REST API
This manual describes the REST application programming interface (API) of the Heritrix Web crawler.
This document is intended for application developers and administrators interested in controlling the Heritrix Web crawler through its REST API.
Any client that supports HTTPS can be used to invoke the Heritrix API. The examples in this document use the command line tool curl which is typically found in most unix environments. Curl is available for many systems including Windows.
Get Engine Status
- GET https://(heritrixhost):8443/engine
Returns information about this instance of Heritrix such as version number, memory usage and the list of crawl jobs.
XML Example:
curl -v -k -u admin:admin --anyauth --location -H "Accept: application/xml" https://localhost:8443/engine
Response:
<engine> <heritrixVersion>3.3.0-SNAPSHOT-2017-07-12T04:17:56Z</heritrixVersion> <heapReport> <usedBytes>69529904</usedBytes> <totalBytes>589824000</totalBytes> <maxBytes>2885681152</maxBytes> </heapReport> <jobsDir>/heritrix/jobs</jobsDir> <jobsDirUrl>https://localhost:8443/engine/jobsdir/</jobsDirUrl> <availableActions> <value>rescan</value> <value>add</value> <value>create</value> </availableActions> <jobs> <value> <shortName>myjob</shortName> <url>https://localhost:8443/engine/job/myjob</url> <isProfile>false</isProfile> <launchCount>0</launchCount> <lastLaunch/> <hasApplicationContext>false</hasApplicationContext> <statusDescription>Unbuilt</statusDescription> <isLaunchInfoPartial>false</isLaunchInfoPartial> <primaryConfig>/heritrix/jobs/myjob/crawler-beans.cxml</primaryConfig> <primaryConfigUrl>https://localhost:8443/engine/jobdir/crawler-beans.cxml</primaryConfigUrl> <key>myjob</key> </value> </jobs> </engine>
Create New Job
- POST https://(heritrixhost):8443/engine [action=create]

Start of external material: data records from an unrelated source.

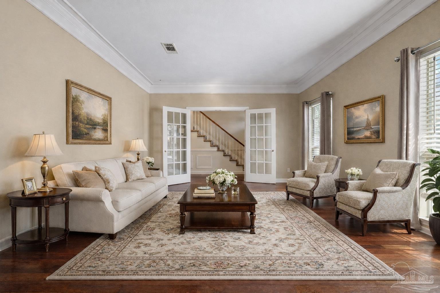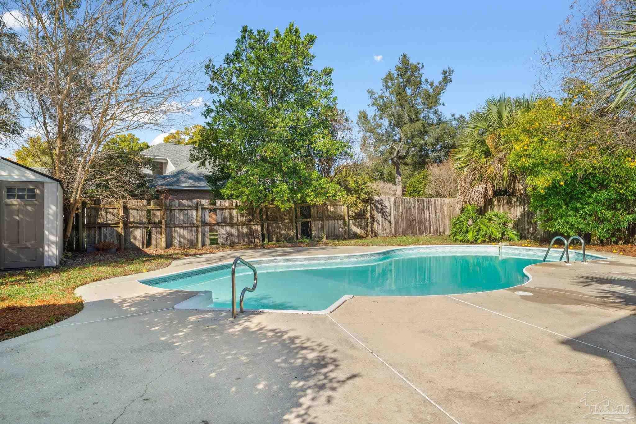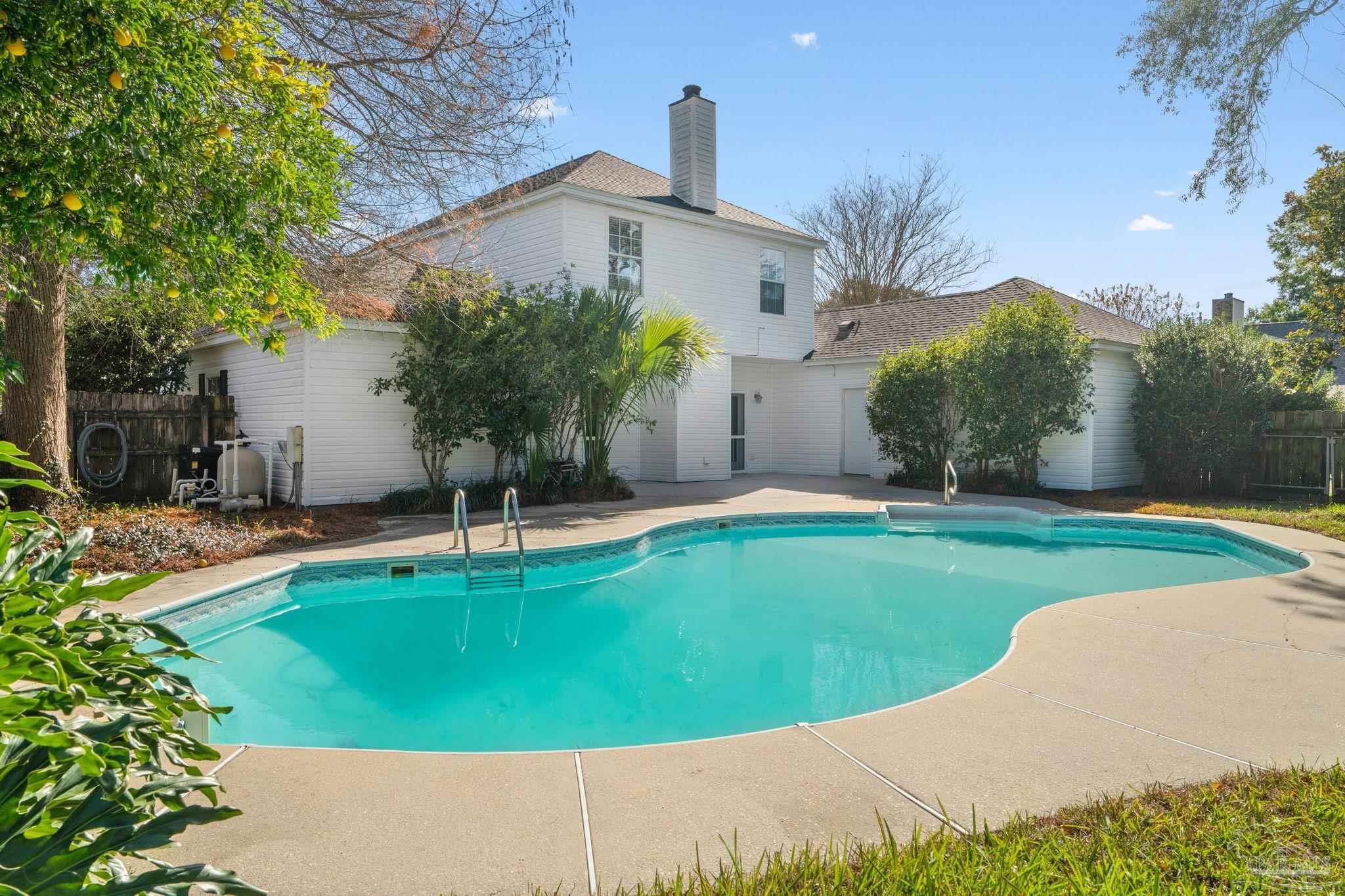 Welcome to 6221 Heart Pine Dr., Pensacola, FL, a beautiful two-story home tucked away on a quiet cul-de-sac in the desirable Ironwood subdivision—perfectly located near the heart of Pensacola. Inside, this home showcases rich wood trim, soaring 9-foot ceilings on the main level, and an abundance of natural light that creates an inviting, open feel throughout. The thoughtfully designed split floor plan offers a private primary suite on the first floor, ideal for both everyday comfort and hosting family or guests. The luxurious primary bathroom features a deep soaking tub, providing the perfect space to relax and recharge at the end of the day. The kitchen is well-equipped for both daily living and entertaining, featuring stainless steel appliances, a double oven, and generous counter space ready for holiday gatherings and memorable meals. Spacious bedrooms throughout the home offer comfort and flexibility for a variety of lifestyles. Situated on a large corner lot, the backyard is made for summer enjoyment. Entertain with ease, relax with friends and family, or watch the kids splash and play in the large in-ground pool, creating your own private outdoor oasis. A side-entry garage with double-gate access leads into the fully fenced backyard, adding both convenience and functionality. Ideally located close to the airport, shopping, dining, and entertainment, and just a short drive to Pensacola’s world-famous white sand beaches, this home offers the perfect blend of tranquility and accessibility. Don’t miss the opportunity to make this exceptional property your next place to call home.
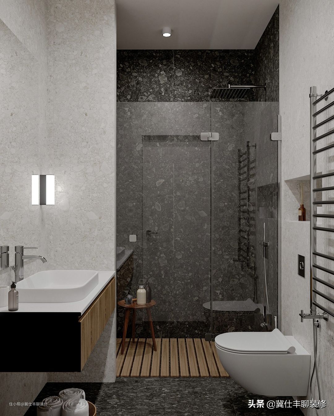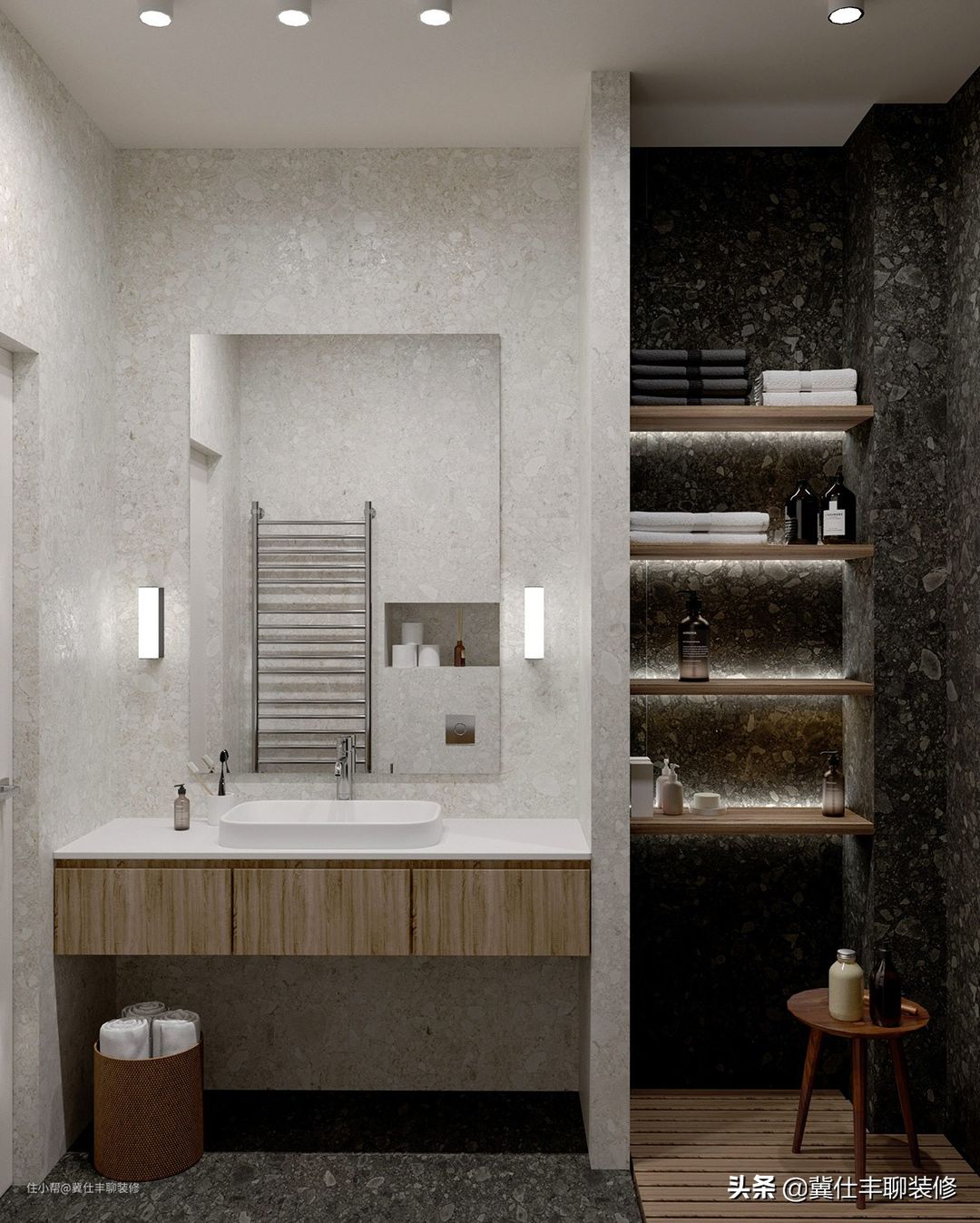 ▲ 原木色的色调在卫生间继续采用,而高级灰的材质在这里却变成了水磨石,浅灰色和深灰色的搭配,体现了卫生间的分区边界,也表现了不同的层次,让这个空间更有设计感。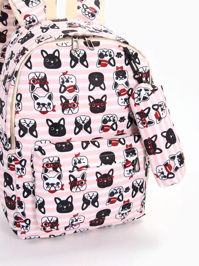 Этот розовый школьный набор с милой собакой станет верным спутником для учёбы и прогулок. Мягкий рюкзак и пенал в полоску созданы для девочек, которые ценят практичность и милый дизайн. Комплект идеально подходит для повседневной носки в школу и для активного отдыха.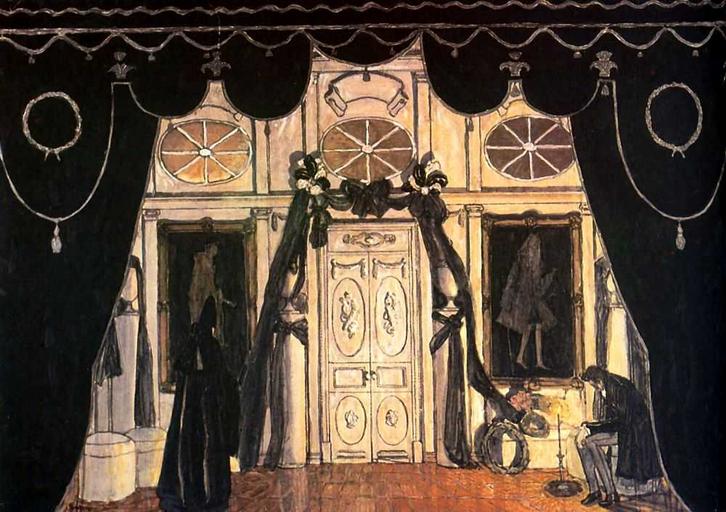 | View Original: | Masquerade by Golovin - 10th picture. Mourning hall (1917, Bakhrushin museum).jpg (1000x705) | |||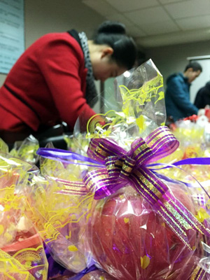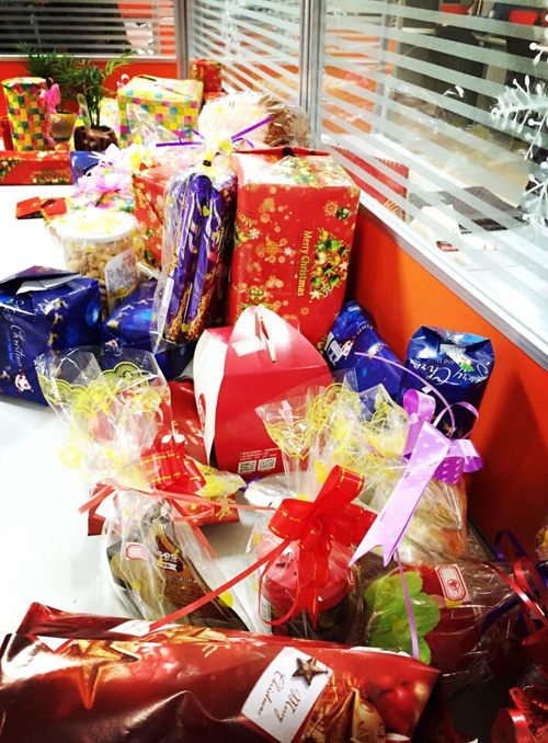 雖然圣誕節(jié)不是中國(guó)的傳統(tǒng)節(jié)日,但是這個(gè)節(jié)日卻很受大家的歡迎,因?yàn)榭鞓?lè)無(wú)國(guó)界。24日下午,同事們?cè)缭绲木桶压敬虬缫环,頓時(shí)公司一改往日的嚴(yán)肅莊重,變得活潑可愛(ài)了。同時(shí)公司送給大家的禮物也分裝好了,還有大家共同選購(gòu)的神秘交換禮物一一就位。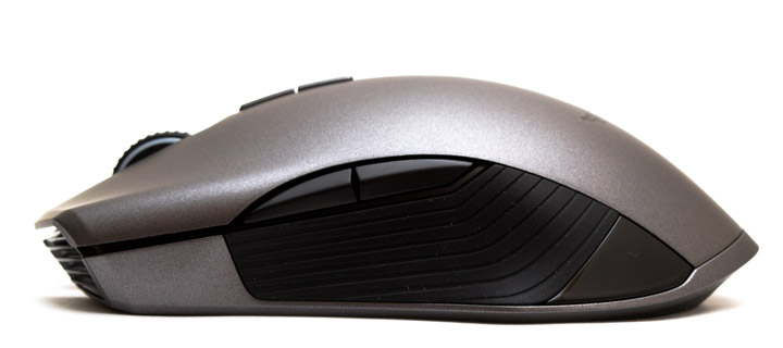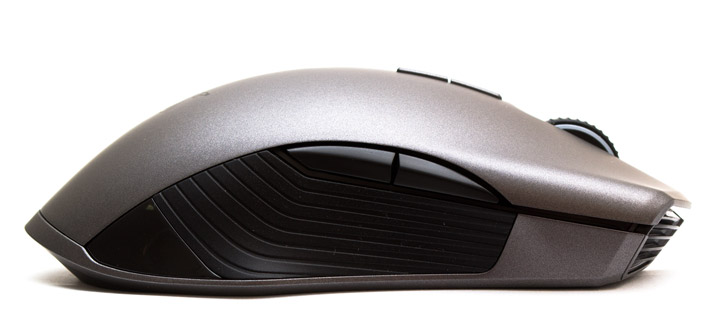 На левой боковине манипулятора есть большая резиновая накладка, благодаря которой мышь цепко сидит в пальцах пользователя. Две дополнительные боковые кнопки расположены в правильном месте, тянуться за ними не приходится. Как и в ТЕ варианте, они сильно утоплены в корпус, нащупать и нажать их может быть сложно. Срабатывают они со средней громкостью и усилием чуть выше среднего, есть небольшой запас свободного хода. В зазоре под клавишами и верхней панелью проходит боковая лента подсветки, состоящая из семи отдельных светодиодов.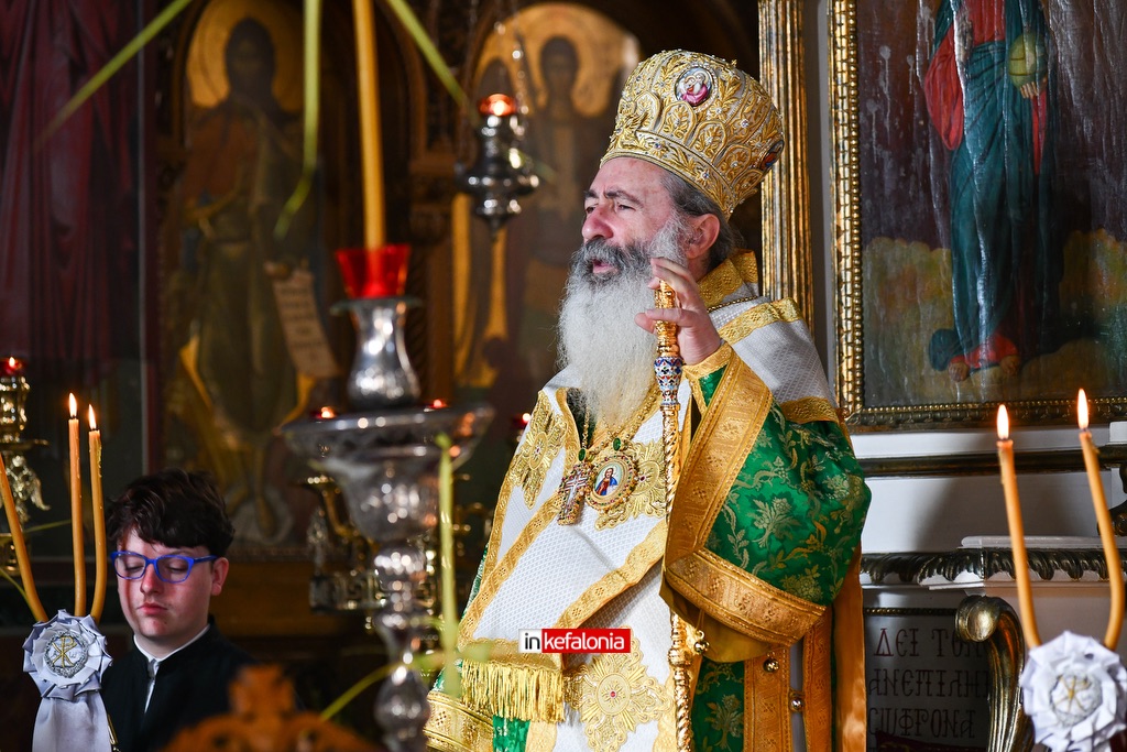 Της Ακολουθίας προεξήρχε ο Σεβασμιώτατος Μητροπολίτης Κεφαλονιάς Δημήτριος, ο οποίος απηύθυνε λόγο προς τους παρευρισκόμενους, επισημαίνοντας το βαθύ νόημα της ημέρας και καλώντας τους πιστούς να βιώσουν με πνευματική εγρήγορση την Αγία και Μεγάλη Εβδομάδα που ξεκινά.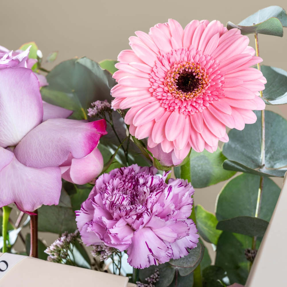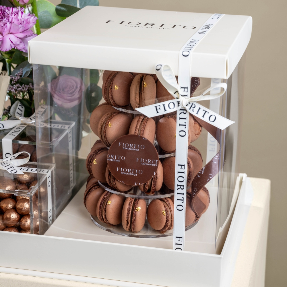 An elegant tray adorned with gerberas, roses, and carnations, featuring a selection of macarons, boxes of chocolate balls, and a box of fine French chocolate. A beautiful harmony of colors and flavors, perfect for any joyful occasion.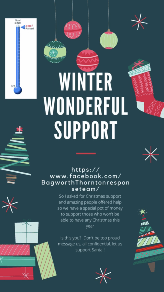 Helen Crouch from the Bagworth, Thornton and Stanton Coronavirus Response team, set up a Facebook fundraiser for her birthday last week, wishing for £200 to be donated to support local people at Christmas.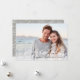 Elegante tarjeta fotográfica de vacaciones cuenta con una foto panorámica de sangre completa con un gran reborde de bóveda de luz para un aspecto festivo y burbujeante. "Feliz Año Nuevo" o tu elección de saludo de vacaciones se coloca en letras negras, con tu nombre(s) y el año al lado. Añade dos fotos adicionales a la parte posterior, junto con un mensaje personalizado, en un fondo con patrones botánicos neutrales.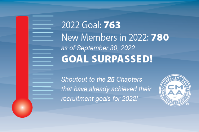 The 2022 New Member Recruitment Contest ends on December 31. CMAA is having an incredible recruitment year! Has your Chapter met its goal? Keep on recruiting! Remember, the winning Chapters in each size category win a $2,000 Education Grant from The Club Foundation. Let’s meet and exceed those goals!
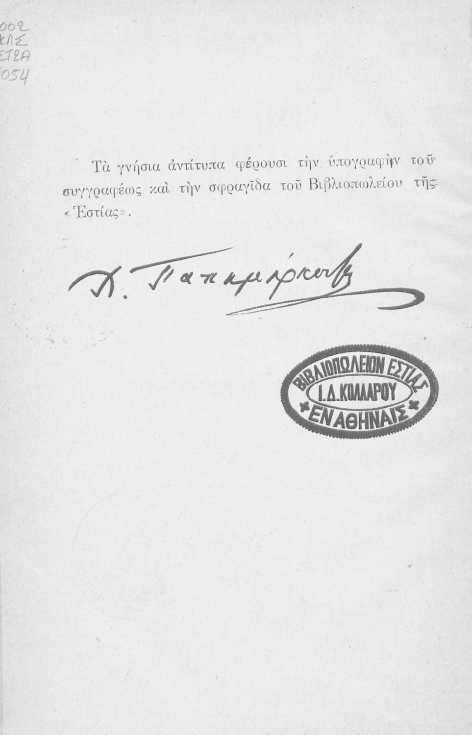 Εκδότης: Ιωάννης Δ. Κολλάρος και ΣΙΑ, Βιβλιοπωλείο της "Εστίας"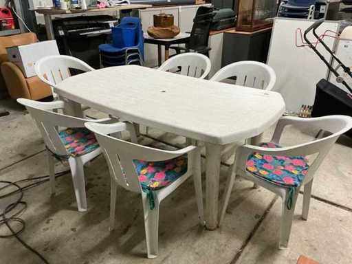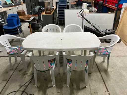 Garden table with 6 chairs and cushions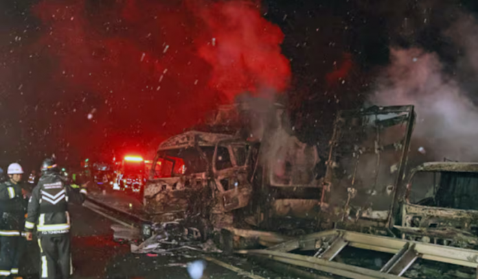 El choque inicial bloqueó varios tramos de la autopista, y los vehículos que circulaban detrás no pudieron frenar debido a la superficie nevada de la vía, lo que desencadenó la reacción en cadena.
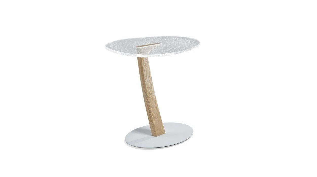 Occasional table with 3 tops in engraved colourless Altuglas (PMMA), legs in solid oak with white ceruse finish, base in steel with lacquer finish, col. white.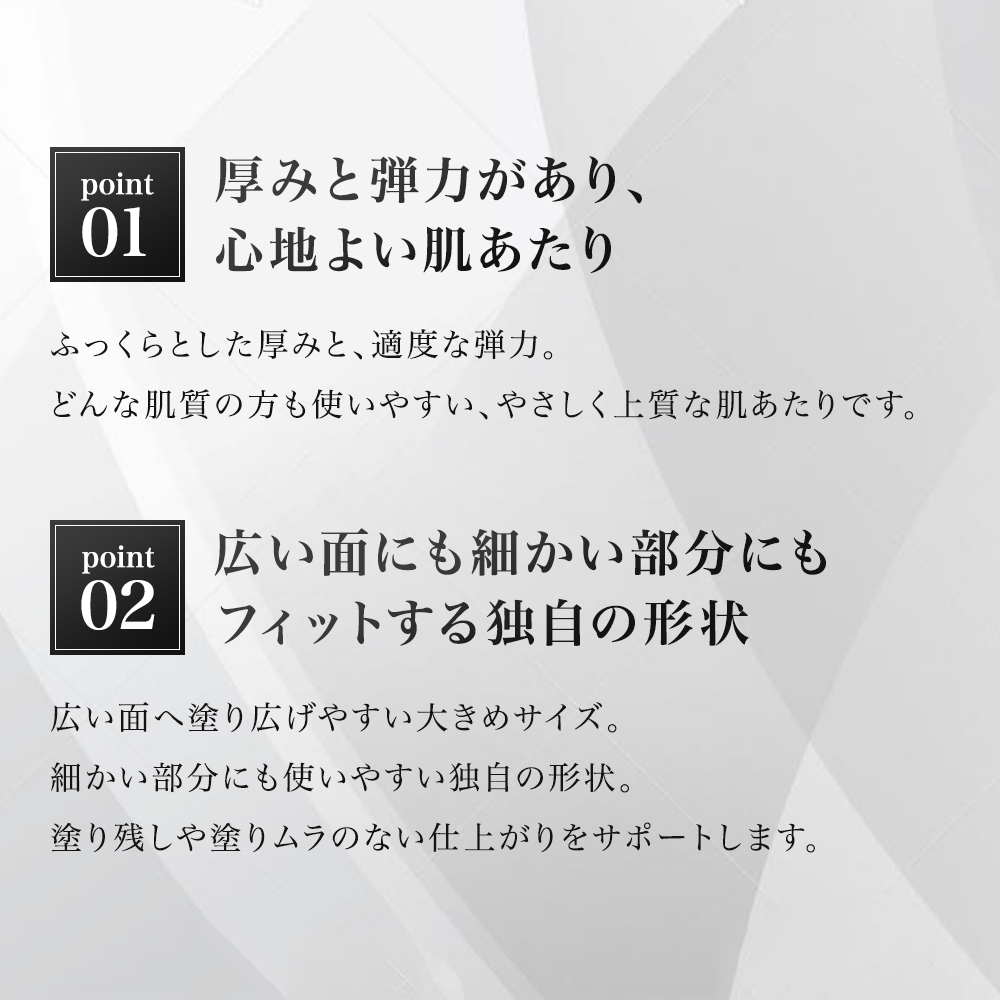 - 【心地よい肌あたり】エマルションメイクに最適で、どんな肌質の方も使いやすいやさしく上質な使用感。トントンと肌にパッティングさせて使いやすいようふっくらとした厚みと、かたすぎずやわらかすぎない適度な弾力で、のばしやすさと肌あたりのやさしさを両立しました。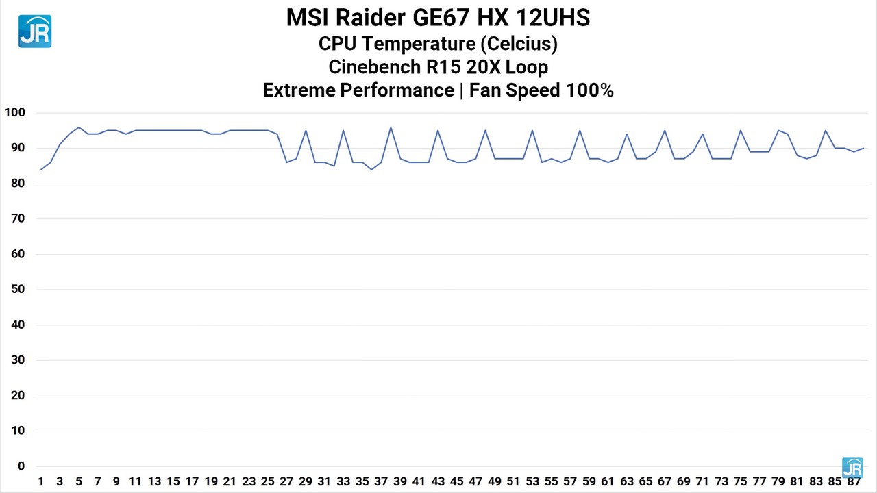 Saat menggunakan mode Extreme Performance dengan kecepatan kipas di 100%, suhu prosesor sempat ada dikisaran 94-95 °C di beberapa Run awal pengujian sebelum akhirnya mengalami naik turun direntang 86-95 °C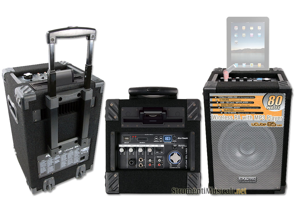 uCube 85 MKII è un sistema portatile PA 80 Watt per i musicisti itineranti, animatori, e coordinatori di eventi. Lo uCube 85MKII dispone di un mixer a 4 canali, lettore MP3 integrato e varie opzioni di connessione per dispositivi esterni. Lo uCube 85MKII fornisce ingressi per schede SD, thumb drive USB per la riproduzione di file MP3. Per le performance vocali, lo uCube 85 MKII offre un jack combo per microfono con funzione Talkover. Lo uCube 85 MKII dispone anche di una batteria ricaricabile integrata e maniglia telescopica retrattile per consentire un facile trasporto. Goditi un audio eccellente, lettore MP3 integrato, e un mixer completo di tutto in un unico apparecchio con il DJ Tech uCube 85 MKII.

Creates a new crawl job. It uses the default configuration provided by the profile-defaults profile.
- Form Parameters:
action – must be
create
createpath – the name of the new job
HTML Example:
curl -v -d "createpath=myjob&action=create" -k -u admin:admin --anyauth --location \ https://localhost:8443/engine
XML Example:
curl -v -d "createpath=myjob&action=create" -k -u admin:admin --anyauth --location \ -H "Accept: application/xml" https://localhost:8443/engine
Add Job Directory
- POST https://(heritrixhost):8443/engine [action=add]
Adds a new job directory to the Heritrix configuration. The directory must contain a cxml configuration file.
- Form Parameters:
action – must be
add
addpath – the job directory to add
HTML Example:
curl -v -d "action=add&addpath=/Users/hstern/job" -k -u admin:admin --anyauth --location https://localhost:8443/engine
XML Example:
curl -v -d "action=add&addpath=/Users/hstern/job" -k -u admin:admin --anyauth --location -H "Accept: application/xml" https://localhost:8443/engine
Get Job Status
- GET https://(heritrixhost):8443/engine/job/(jobname)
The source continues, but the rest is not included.